Utrzymane w skromnej palecie barw lub monochromatyce fotografie Małgorzaty dalekie są jednak od stereotypowego wyobrażenia krajobrazu zimowego kojarzonego ze śniegiem po pachy, czy też pejzażu górskiego z zaśnieżonymi szczytami. Autorka wprawdzie sfotografowała kilka ujęć tradycyjnych, jednak najbardziej skoncentrowała się na szczegółach.
Detale – jak to detale – na pozór niedostrzegalne, nie uciekną przez wnikliwym okiem obserwatora, który w pozornie nieciekawej bryłce lodu, czy też soplu upatrzy małe dzieło sztuki stworzone siłą natury. Taką obserwatorką okazała się Małgorzata Bączek, dla której zimowa wystawa jest drugą autorską ekspozycją. Pierwszą, „Mistrz i Małgorzata”, można było zobaczyć podczas ubiegłorocznego „Foto-ruszenia”. Zima widziana okiem autorki nie jest groźna, mroźna i odpychająca. Jej oblicze charakteryzuje raczej blask lodowej „biżuterii”, uderzający oglądających blaskiem słońca odbijającym się w soplowych figurach.
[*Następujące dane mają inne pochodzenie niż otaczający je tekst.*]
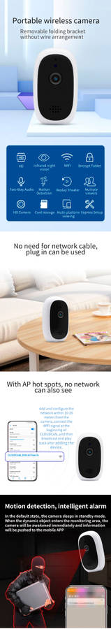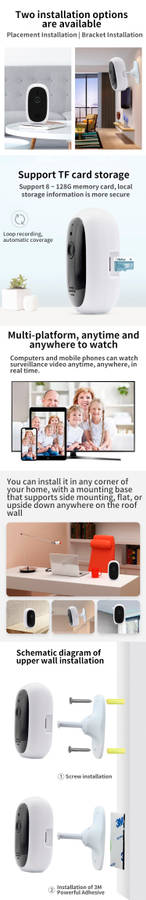 1. Hibernate and stand by by by default. When the dynamic object enters the monitoring area, it wakes up the camera immediately and pushes information to the mobile app. 2. Built-in ten array infrared lamps, with IR-CUT double filter, automatic switch between night and day mode, night vision effect is more outstanding. 3. Maximum support 130° up and down, 360° around the rotation. 4. Two installation options are available: Placement Installation or Bracket Installation. 5. Support 8 ~ 128G memory card, local storage information is more secure. 6. Loop recording, automatic coverage. 7. Computers and mobile phones can watch surveillance video anytime, anywhere, in real time.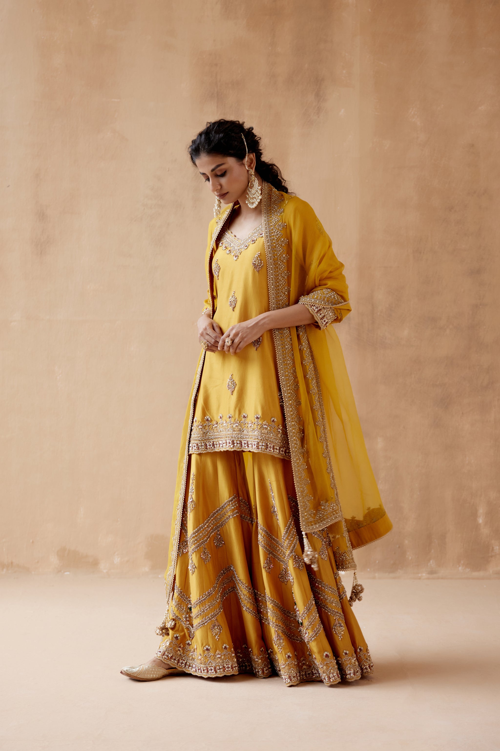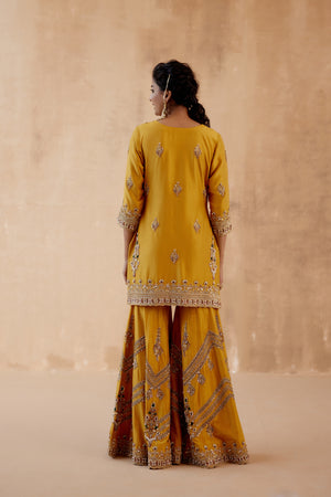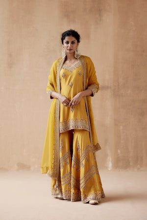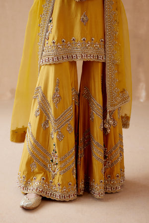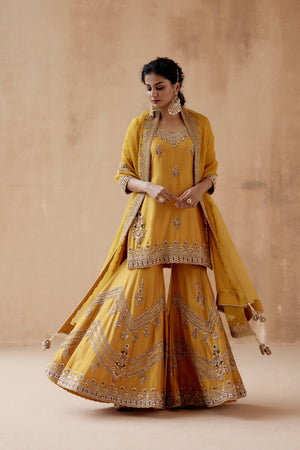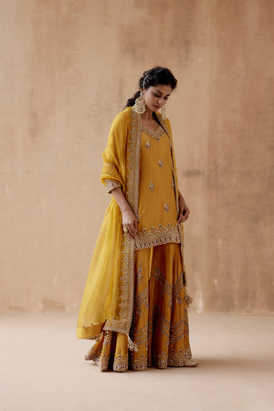 • Mustard kurta sharara with gold floral thread embroidery highlighted with various embellishments. Paired with embroidered dupatta.

Jest też oczywiście śnieg, który "usiadł" wygodnie w zapomnianym miękkim fotelu, tworząc dodatkową, choć z pewnością zimną i mokrą poduchę.
Dzisiejszy wernisaż przypominał otwarcia wspomnianego właśnie festiwalu fotografii. Do obejrzenia zdjęć zaprosiła zebranych Agnieszka Romanowska, organizatorka „Foto-ruszenia” i animatorka życia fotograficznego w Jeleniej Górze. Podkreśliła, że Małgorzata Bączek pracuje na co dzień jako grafik w Karkonoskim Domu Numizmatycznym, ale rzadko kiedy wybiera się gdziekolwiek bez aparatu fotograficznego. Z całą pewnością skutkiem tej przyjaźni z fotografią są zdjęcia na ekspozycji w „Alibi”. Jak powiedziała autorka, znaczna większość prac powstała w Cieplicach. Warto więc wstąpić do pubu przy ulicy Krótkiej nie tylko w celu konsumpcji trunków i napitków, lecz także po „coś miłego” dla oczu i ducha. Dodajmy, że ciekawym uzupełnieniem wystawy jest naścienne malowidło Katarzyny Titow-Gawryłojek.